If $A,B$ are normal (i.e., unitarily diagonalizable), they commute if and only if they are simultaneously unitarily diagonalizable. A proof can be done by using the Schur decomposition of a commuting family. This, of course, means that they have a common set of orthonormal eigenvectors.
Solution 2:
This is too long for a comment, so I posted it as an answer.
I think it really depends on what $A$ or $B$ is. For example, if $A=cI$ where $I$ is the identity matrix, then $AB=BA$ for all matrices $B$. In fact, the converse is true:
If $A$ is an $n\times n$ matrix such that $AB=BA$ for all $n\times n$ matrices $B$, then $A=c I$ for some constant $c$.

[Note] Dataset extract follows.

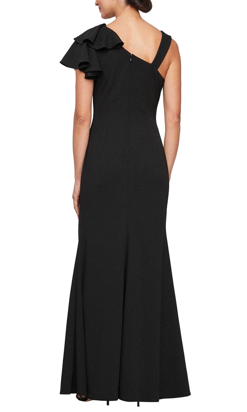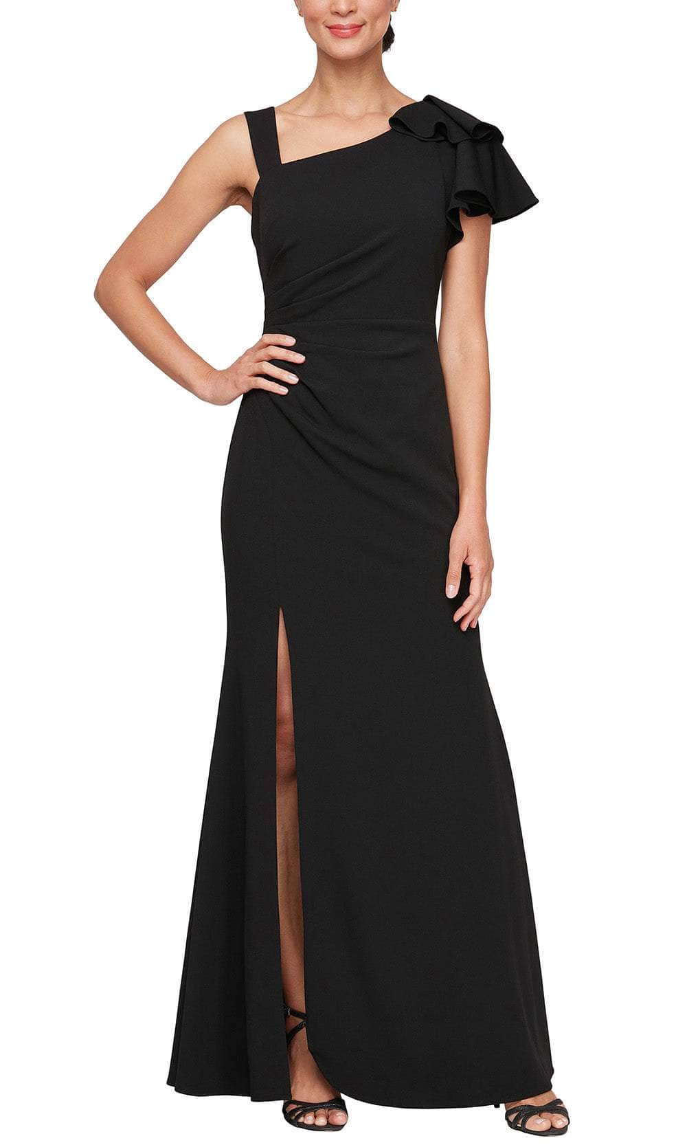Create unforgettable memories in this Alex Evenings 8160422 creation. This simply stunning gown showcases a ruched detail gathered on the side waist, adding style and elevating your shape. The single short flutter sleeve is feature, while the wide strap on the other side offers extra support. The mid-open cut in the back adds an element of surprise, while being fastened by hidden zipper closure. A high side slit ensures effortless movement. Complete with a sheath skirt that elegantly flows to the full-length hemline. This Alex Evenings 8160422 piece is an essential addition to your wardrobe! Models are wearing Black, and Wine colors.

Therefore, if $A$ is not in the form of $c I$, there must be some matrix $B$ such that $AB\neq BA$.
Solution 3:
Here are some different cases I can think of:
- $A=B$.
- Either $A=cI$ or $B=cI$, as already stated by Paul.
- $A$ and $B$ are both diagonal matrices.
- There exists an invertible matrix $P$ such that $P^{-1}AP$ and $P^{-1}BP$ are both diagonal.